Python Basic Datastructure Creation Time

If there’s one thing that really grinds my gears, it’s when people use lists instead of tuples to define what is intended to be an immutable constant. Why? Because it’s faster to create a tuple. Here’s a case as an example:

class SomeClass(object):
    AVAILABLE_KEYS = [
         'key1',
         'key2',
         'key3',
         'key4',
    ]
    def __init__(self):
         pass

Clearly, as a class attribute, the initial developer has intended that SomeClass.AVAILABLE_KEYS is some sort of constant. If it were me seeing this, it would bother me that we could easily make the creation of this list microseconds faster with a minor change. Just to see how correct I am, I set out to do a basic experiment to capture just how long it takes to create common datastrucutres in python. So I hacked together a simple script:

from subprocess import Popen, PIPE

STEP_SIZE = 1000
SAMPLE_SIZES = [n + 1 for n in xrange(0, 11000 * 100000, STEP_SIZE)]

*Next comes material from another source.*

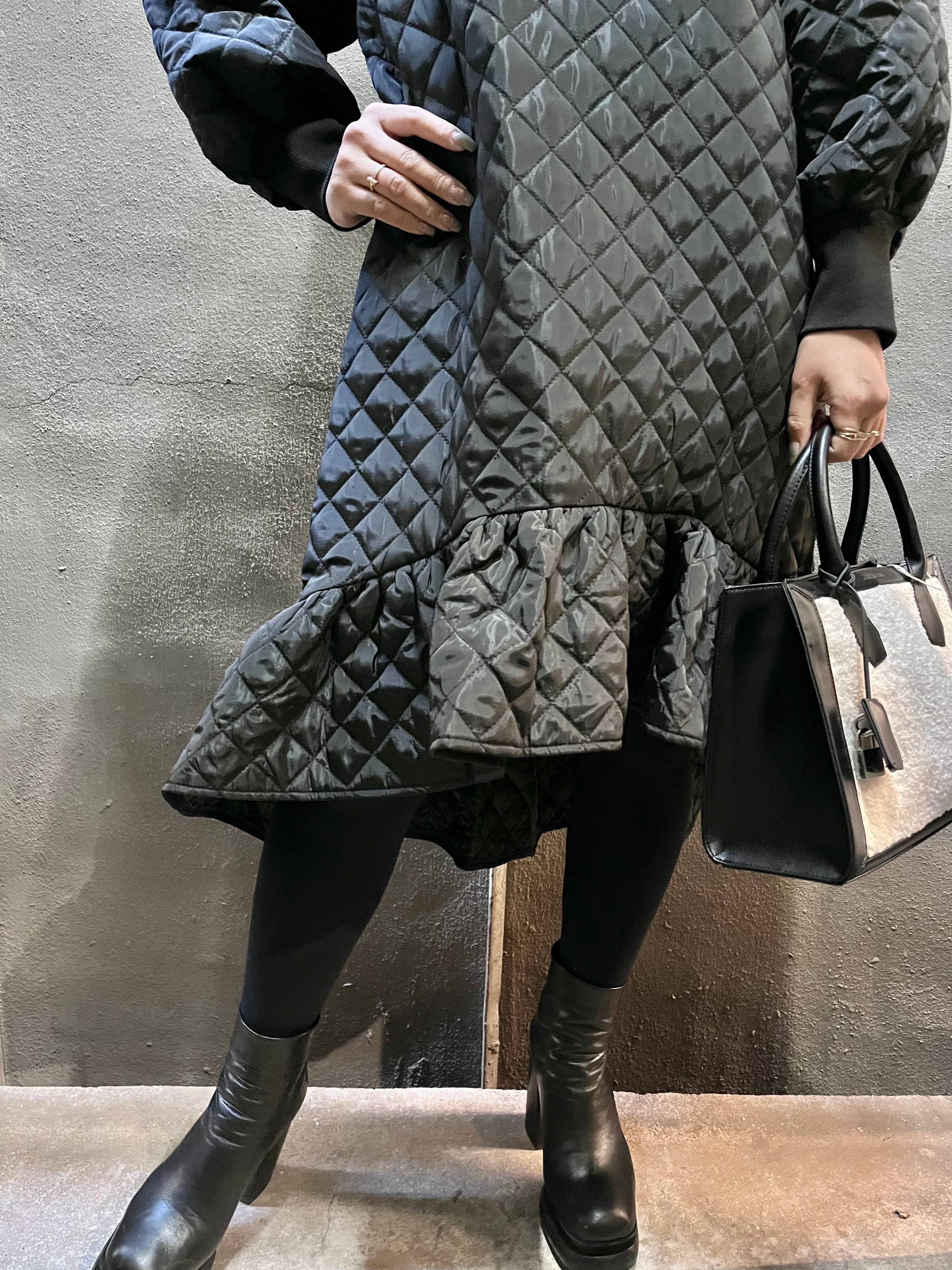quilting high neck frill one-piece ワンピース ワンピ キルティング ハイネック フリル

def get_time_from_output(output_str):
    '''
    Input str: "1000000 loops, best of 3: 1.31 usec per loop"
    '''
    print output_str
    usec_time = float(output_str.split()[5])
    if "msec" in output_str:
        usec_time *= 1000.0
    return usec_time


tuple_results = []
list_results = []
set_results = []
dict_results = []
for numbers_to_process in SAMPLE_SIZES:
    try:
        print "Attempting a sample size of %s" % numbers_to_process

        create_tuple = "junk = (%s)" % ",".join([str(j) for j in xrange(numbers_to_process)])
        create_list = "junk = [%s]" % ",".join([str(j) for j in xrange(numbers_to_process)])
        create_set = "junk = {%s}" % ",".join([str(j) for j in xrange(numbers_to_process)])
        create_dict = "junk = {v:v for v in xrange(%s)}" % numbers_to_process

        process = Popen(["python", "-m", "timeit", create_tuple], stdout=PIPE)
        output, err = process.communicate()
        tuple_results.append(get_time_from_output(output))

        process = Popen(["python", "-m", "timeit", create_list], stdout=PIPE)
        output, err = process.communicate()
        list_results.append(get_time_from_output(output))

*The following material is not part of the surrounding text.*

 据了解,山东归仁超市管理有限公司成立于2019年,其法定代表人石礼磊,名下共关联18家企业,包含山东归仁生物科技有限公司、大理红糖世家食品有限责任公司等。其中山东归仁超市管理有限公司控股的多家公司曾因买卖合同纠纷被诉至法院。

        process = Popen(["python", "-m", "timeit", create_set], stdout=PIPE)
        output, err = process.communicate()
        set_results.append(get_time_from_output(output))

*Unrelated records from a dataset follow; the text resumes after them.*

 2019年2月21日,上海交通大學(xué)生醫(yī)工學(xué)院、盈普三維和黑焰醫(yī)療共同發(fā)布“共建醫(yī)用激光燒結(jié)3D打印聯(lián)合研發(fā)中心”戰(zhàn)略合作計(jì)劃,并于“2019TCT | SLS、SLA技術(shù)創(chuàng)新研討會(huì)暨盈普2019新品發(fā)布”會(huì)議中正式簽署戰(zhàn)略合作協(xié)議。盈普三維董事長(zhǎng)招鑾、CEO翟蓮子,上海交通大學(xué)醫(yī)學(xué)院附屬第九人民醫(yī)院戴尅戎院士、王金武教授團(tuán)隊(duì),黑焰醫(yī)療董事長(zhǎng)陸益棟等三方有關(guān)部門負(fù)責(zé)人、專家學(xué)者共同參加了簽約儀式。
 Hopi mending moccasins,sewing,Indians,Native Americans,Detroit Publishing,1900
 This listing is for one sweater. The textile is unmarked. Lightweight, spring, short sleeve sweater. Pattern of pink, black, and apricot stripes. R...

        process = Popen(["python", "-m", "timeit", create_dict], stdout=PIPE)
        output, err = process.communicate()
        dict_results.append(get_time_from_output(output))
    except OSError:
        print "Argument too long...aborting"
        break

import pylab
pylab.figure()
pylab.plot(tuple_results, color='r', label='Tuple Creation Time')
pylab.plot(list_results, color='b', label='List Creation Time')
pylab.plot(set_results, color='g', label='Set Creation Time')
pylab.plot(dict_results, color=(0.0, 0.0, 0.0), label='Dictionary Creation Time')
pylab.legend()
pylab.xlabel('Number of elements * %s' % STEP_SIZE)
pylab.ylabel('Time in uSec')
pylab.show()

…and now we can find out just how long it takes to compare the creation time of lists, tuples, sets, and dictionaries. I threw in sets and dictionaries just because I had already started the experiment, but to begin with my initial qualm, here’s the comparison of time between lists and tuples given a number of elements:


Screen Shot 2014-09-11 at 9.20.19 AM

How Right Am I?

Clearly, there’s an extra 6 to 8 microseconds of overhead associated with lists. This means that in a fairly optimal request/response to and from a web server of 200 ms, we’re increasing the response time by about 0.0034% totally unnecessarily! So, I’m totally right. Sort of.

Time for Tuples / List / Sets / Dictionaries


Screen Shot 2014-09-11 at 7.53.32 AM

The results for other common python datastructures are pictured above. Obviously, creation time is O(n) for every type, but I was actually fairly surprised to see how much longer a set or a dictionary took to create relative to a list/tuple. For me, this changes my perspective a bit for statically defined constants. Even though we’re only talking about microseconds here, it’s still a matter of principal for me. The question for me is essentially what should be favored between smaller time complexity and datastructure overhead if we have a fixed number of elements.
For example, consider the following 2 list comprehensions:

[item for item in fixed_list if item in SOME_DEFINED_TUPLE]
[item for item in fixed_list if item in set(SOME_DEFINED_TUPLE)]

Which is faster? Does it really even matter? In the second case, the number of iterations across the entire list comprehension will be much smaller by some kind of quadratic factor, but does that make anything faster when casting a tuple to a set incurs significant (microseconds) overhead?

Clearly I’m splitting hairs here, but all in all, this is at the very least insightful knowledge that could easily be shared at a cocktail party, and in sharing it you would get an insurmountable amount of high fives.